I’m not defending him, nor condemning anyone either. He wrote a book, and a publisher wanted to publish it as a memoir.(Given that I know a few bloggers  who write beautifully but can’t get published, while a complete cypher of a human being named Snooki who is probably not as smart as a rock, can get published, I can understand the allure to Mr. Frey)  It sold lots of copies, and tens of thousands more after Oprah pushed it. She was moved by it and claimed everyone at Harpo was as well. Hundreds of testimonials were written. Addicts galore claimed that the book had been of great help to them.

After it was determined that Frey had inflated or simply made up some of the “facts” all hell broke loose. Oprah, as we have said, publicly whipped him. People sued, claiming “emotional pain and distress”.

It all comes down to this: Is there something intrinsically different in a memoir versus a work of fiction? I mean, is there something so wildly in opposite between an experience of the body and that of the mind? Is one less “real”? Is one less valid?

Frey was all he claimed, a drug addict and an alcoholic and a criminal, albeit a very petty one. Do those who were “helped” suddenly become less “helped” by the revelation that words and scenes were not necessarily actual?  I truly don’t know.
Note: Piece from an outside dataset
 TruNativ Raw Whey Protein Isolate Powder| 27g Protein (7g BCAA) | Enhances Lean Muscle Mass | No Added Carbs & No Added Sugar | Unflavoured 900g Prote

New writers are often advised to “write about what you know.” Certainly, if I am reading about the history of my country’s foundation, I want to know of the writer’s background. A degree in religious education, for instance, is a whole lot less persuasive than a doctorate in American history from Yale might be, especially if you the author are trying to convince me of a wildly new theory of how our country formed.
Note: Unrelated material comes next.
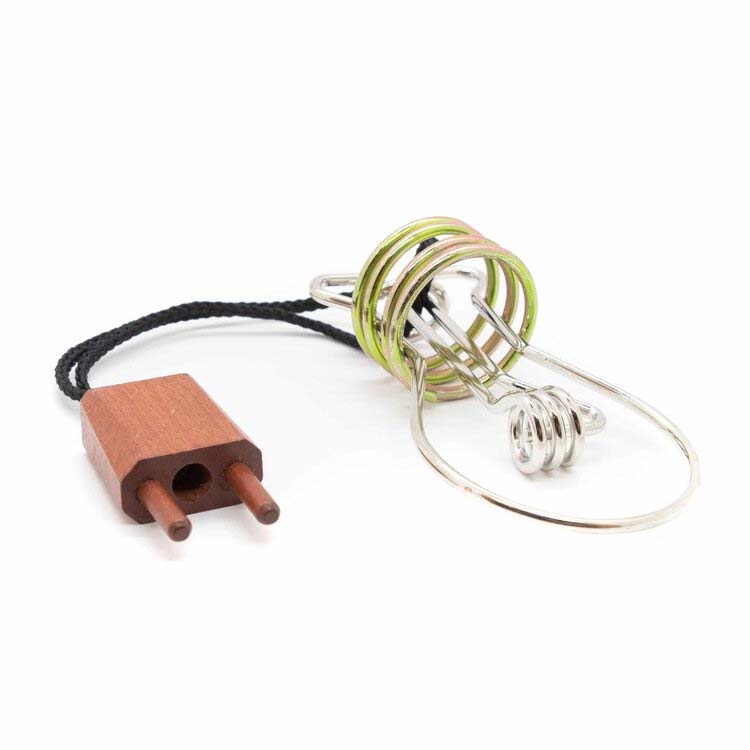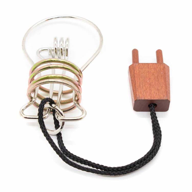 Die Glühbirne ist ein schönes Seilpuzzle von Jean Claude Constantin. Aufgabe ist es, den Stecker von der Glühbirne zu trennen.

But, seriously in fiction, writers write about things they don’t know all the time. Colleen McCullough writes about ancient Rome, after writing about the hierarchy of the Roman Catholic Church for instance. So we know that good research can make up for a lot of lack of personal experience.

And no one claims Frey didn’t experience being all the things he wrote about. He embellished them, to be sure, but does that make his conclusions less valid?

Is there a firm line between memoir and fiction? Aren’t we always interpreting actual events through our own lenses? Aren’t we putting them together in our minds with other, recognized and not, “events”. Aren’t our visceral gut feelings responses to conscious and unconscious thoughts and remembrances?

Were those helped less helped? I suspect not.

What are your thoughts? How would you feel if what had been useful to you turned out in the end to be a hoax of sorts? Have you experienced something akin to this?

I confess to being perplexed on this one.